Commission File No. 001-39776

Cheddar Opening Bell – Interview with Kristen Scholer and Sumant Sinha

Cheddar Opening Bell

February 24, 2021

Kristen Scholer: Welcome back to Cheddar’s Opening Bell, everyone. ReNew Energy, formerly known as ReNew Power, is going public through a special purpose acquisition company known as a SPAC, in a deal valued at $8 billion. Backed by Goldman Sachs, the company is India’s biggest renewable energy producer, and has goals of expanding operations in India as well as China. The merger with RMG Acquisition Corp. II has the company currently trading with the ticker RMGB until the merger is expected to close in the second quarter.

Take a look, these shares stand up about 0.5% today. And for more on this, we are joined by Sumant Sinha, founder, chair and CEO at ReNew Energy, joining us all the way from New Delhi, India. Sumant, it’s great to have you with us this morning.

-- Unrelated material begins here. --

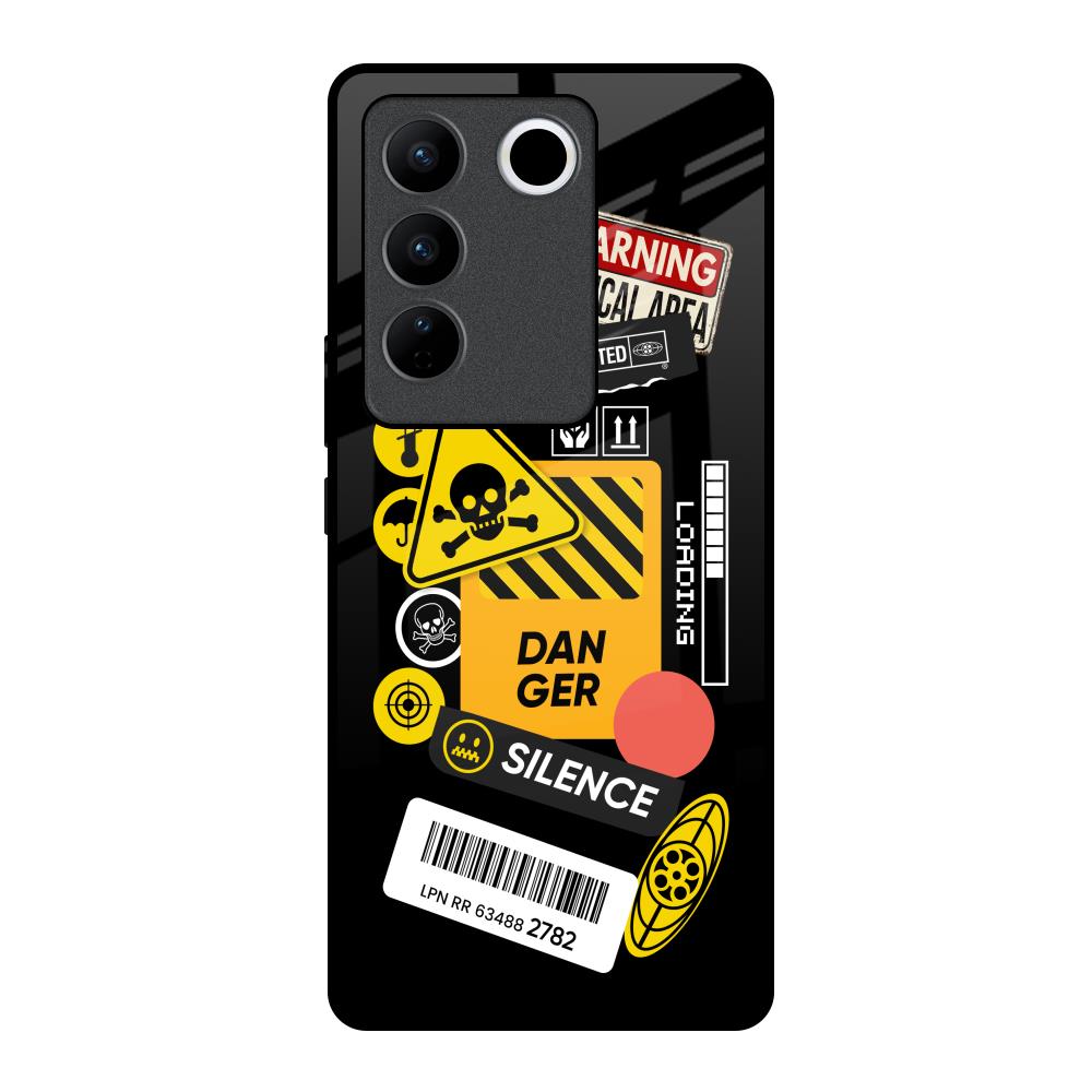 Danger Signs Glass Case for Vivo V27 Pro 5G

Why did you want to take this company public over here in the U.S.?

Sumant Sinha: Well, you know, the U.S. is of course the deepest capital market in the world and, therefore, always a good place to list in. Secondly, also what’s happening is the trend of investing in energy stocks where global investors who are looking at sustainability, clean energy stocks, are very interested in investing in companies like ours. And so we thought it would be a very opportune thing for us to do, which is to tap the deepest, best market for us to eventually list in. So that’s why the decision to go to the U.S. market.

Kristen Scholer: We see a lot of focus on new investor energy in the space. Obviously, Goldman Sachs, a major backer of yours, can’t get much bigger than that. $8 billion valuation, Sumant. Explain the growth trajectory from here. Obviously, you have a presence in India, but looking to expand in China as well. What can you tell us?

Sumant Sinha: Yeah. So, you know, we are a company that started 10 years ago. We own and operate wind farms and solar farms all across India. We have more than 100 such sites. We have about 5500 megawatts of commission capacity currently, and we are constructing another 4500 megawatts, which makes us the largest company in India. We have close to about a tenth of the market share of the Indian renewable energy market.

And let me just take a step back and say that the Indian power market is actually the third largest market in the world, after China and the U.S. And renewable energy in India is slated for some fairly massive growth over the next 10 years. Today, we have about 90,000 megawatts of installed renewable capacity, and that has started it to grow almost 5 times to 450,000 in the next 10 years.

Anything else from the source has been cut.